On 07/13/2015 11:10 PM, Nikolay Aleksandrov wrote:
> On 07/13/2015 11:05 PM, Nikolay Aleksandrov wrote:
>> On 07/13/2015 08:57 PM, clsoto@linux.vnet.ibm.com wrote:
>>> From: Carol L Soto <clsoto@linux.vnet.ibm.com>
>>>
>>> Add function bond_remove_proc_entry at __bond_release_one to avoid stack 
>>> trace at rmmod bonding.
>>>
>>> [68830.202239] remove_proc_entry: removing non-empty directory
>>> 'net/bonding', leaking at least 'bond0'
>>> [68830.202257] ------------[ cut here ]------------
>>> [68830.202260] WARNING: at fs/proc/generic.c:562
>>> [68830.202412] NIP [c0000000002abf6c] .remove_proc_entry+0x1fc/0x240
>>> [68830.202416] LR [c0000000002abf68] .remove_proc_entry+0x1f8/0x240
>>> [68830.202419] PACATMSCRATCH [8000000000009032]

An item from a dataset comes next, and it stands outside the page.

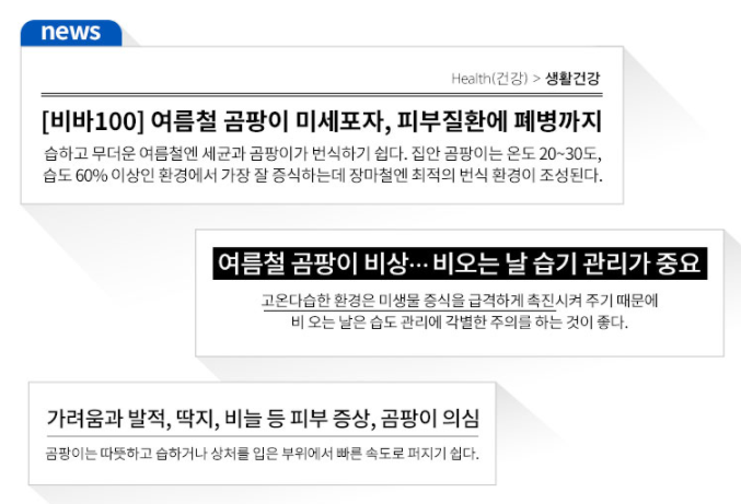 뉴스기사들을 제거해도 자꾸 곰팡이가 재발하는걸 볼 수 있습니다. 특히 여름철에 습할 때 곰팡이 번식이 쉬운데여 집안 곰팡이는 온도 20-30도, 습도 60% 이상인 환경에서 가장 잘 증식하는 환경이 조성되기 때문에 더욱 심해지는 겁니다. 곰팡이가 많이 만들어지면은 가려움과, 딱지, 바늘 등 피부 증상이 일어날 수 있는걸 알 수 있습니다.

>>> [68830.202421] Call Trace:
>>> [68830.202424] [c000000179277940] [c0000000002abf68] 
>>> .remove_proc_entry+0x1f8/0x240 (unreliable)
>>> [68830.202434] [c0000001792779f0] [d0000000053229a4] 

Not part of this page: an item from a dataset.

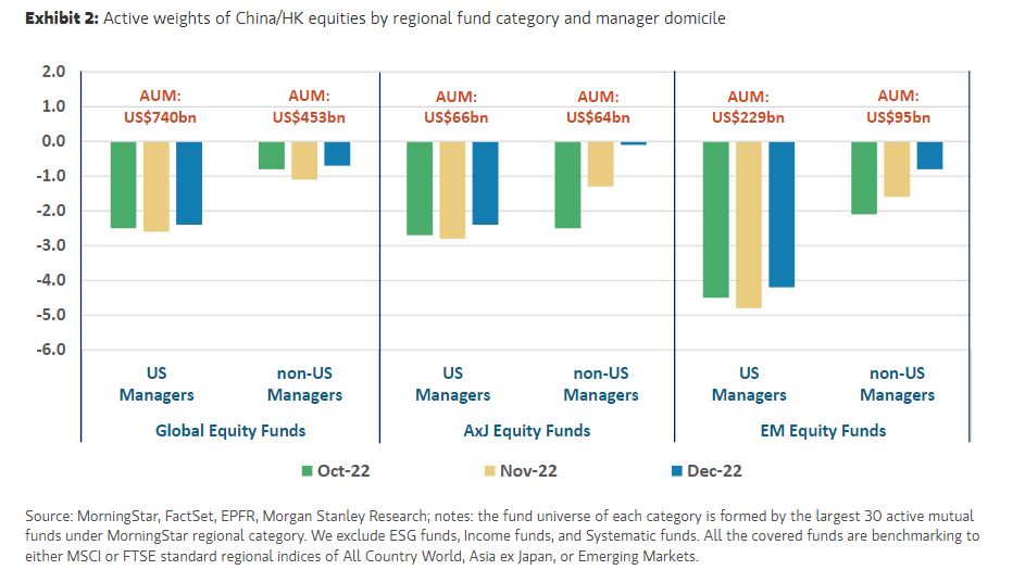 US-based funds remain underweight China across three main mandates: emerging markets, Asia ex-Japan and global equity, according to the Morgan Stanley analysis.

>>> .bond_destroy_proc_dir+0x34/0x54 [bonding]
>>> [68830.202440] [c000000179277a70] [d0000000053130e0] 
>>> .bond_net_exit+0x90/0x120 [bonding]
>>> [68830.202445] [c000000179277b10] [c00000000059944c] 
>>> .ops_exit_list.isra.0+0x6c/0xd0
>>> [68830.202450] [c000000179277ba0] [c000000000599774] 
>>> .unregister_pernet_operations+0x94/0x100
>>> [68830.202454] [c000000179277c40] [c000000000599814] 
>>> .unregister_pernet_subsys+0x34/0x60
>>> [68830.202460] [c000000179277cc0] [d000000005323758] 
>>> .bonding_exit+0x48/0x2328 [bonding]
>>> [68830.202466] [c000000179277d30] [c00000000010dcc4] 
>>> .SyS_delete_module+0x1f4/0x340
>>> [68830.202471] [c000000179277e30] [c000000000009e7c] 
>>> syscall_exit+0x0/0x7c
>>> [68830.202491] ---[ end trace 9bd1d810219c9875 ]---
>>>
>>> Signed-off-by: Carol L Soto <clsoto@linux.vnet.ibm.com>
>>> ---
>>>  drivers/net/bonding/bond_main.c | 2 ++
>>>  1 file changed, 2 insertions(+)
>>>
>>> diff --git a/drivers/net/bonding/bond_main.c b/drivers/net/bonding/bond_main.c
>>> index 19eb990..ace105a 100644
>>> --- a/drivers/net/bonding/bond_main.c
>>> +++ b/drivers/net/bonding/bond_main.c
>>> @@ -1870,6 +1870,8 @@ static int __bond_release_one(struct net_device *bond_dev,
>>>  		dev_set_mac_address(slave_dev, &addr);
>>>  	}
>>>  
>>> +	bond_remove_proc_entry(bond);
>>> +
>>>  	dev_set_mtu(slave_dev, slave->original_mtu);
>>>  
>>>  	slave_dev->priv_flags &= ~IFF_BONDING;
>>>
>>
>> This is incorrect, it tries to remove the bond entry on every slave release
>> so if we have a bonding device with >= 2 slaves and release one of them then
>> the whole bond device entry will be removed from /proc/net/bonding.
> <<<<>>>>
>> You can hit this case only if you had created a bonding device while doing the
>> rmmod bonding (it's an old race condition which was fixed long time ago, but
>> the procfs was apparently missed) and only after the notifier has been
>> unregistered but before the sysfs has been removed.
>>
> Scratch this part, it should be triggered in a different way.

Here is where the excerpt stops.